DEG has to be added, resulting in an increase in raw material cost, an increase in heating utility cost, or a decrease in production capacity. (Problems to be Solved by the Invention) The present invention provides a method for continuously producing modified polyester by adding DEG to oligomers and carrying out heating polycondensation under reduced pressure. The present invention aims to provide a method for efficiently producing modified polyester. (Means for Solving the Problems) The present invention achieves the above object, and its gist is to continuously produce modified polyester by adding DEG to oligomers and polycondensing them under reduced pressure.

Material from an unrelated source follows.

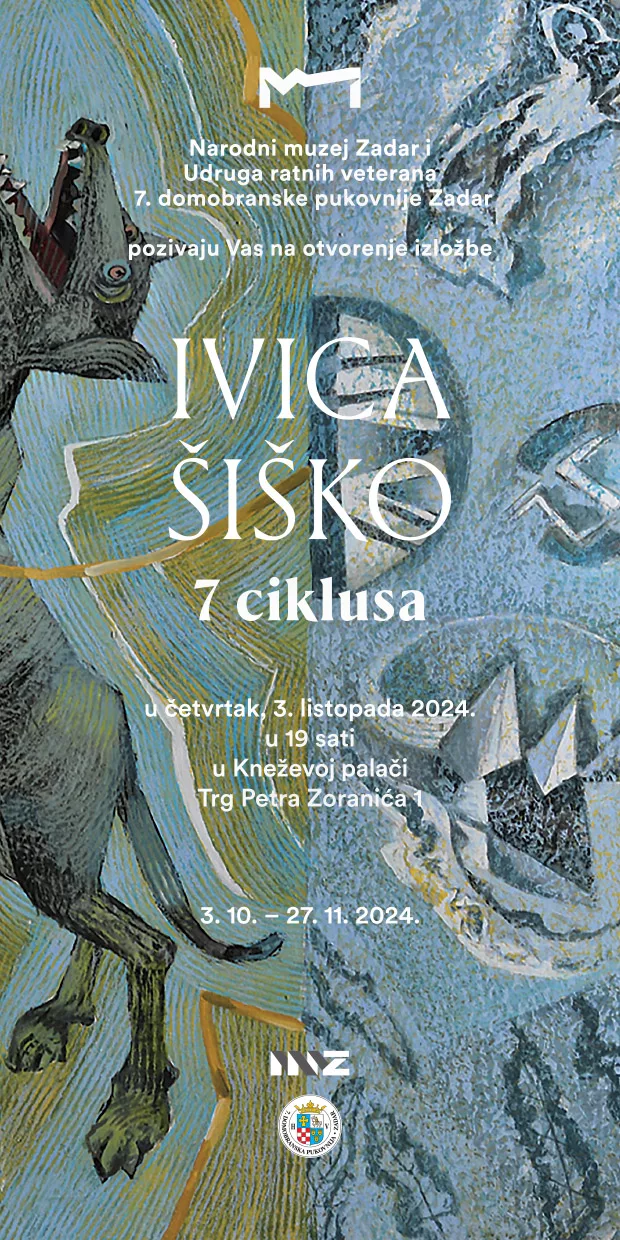 Narodni muzej Zadar i Udruga ratnih veterana 7. domobranske pukovnije Zadar pozivaju na otvorenje izložbe “Ivica Šiško 7 ciklusa” koja se održava u povodu obilježavanja Dana obrane grada Zadra u četvrtak, 3. listopada 2024. godine u 19 sati u Izložbenim dvoranama Kneževe palače.

A method for continuous production of modified polyester, characterized in that during production, DEG is added in the middle of the piping supplying the oligomer to the polycondensation reactor at a position where the residence time up to the polycondensation reactor is 5 minutes or more. It is in. Next, the present invention will be specifically described with reference to the drawings. FIG. 1 is a process diagram showing an embodiment of the present invention, in which 1 shows a polycondensation reactor, 2 shows an oligomer supply pipe, 3 shows a DEG addition nozzle, and 4 shows a DEG storage tank. In the middle of the oligomer supply piping 2, place it at a position where the residence time up to the polycondensation reactor 1 is 5 minutes or more.
A DEG addition nozzle 3 is provided, and DEG from the storage tank 4 passes through a metering pump 5 and a check valve 6.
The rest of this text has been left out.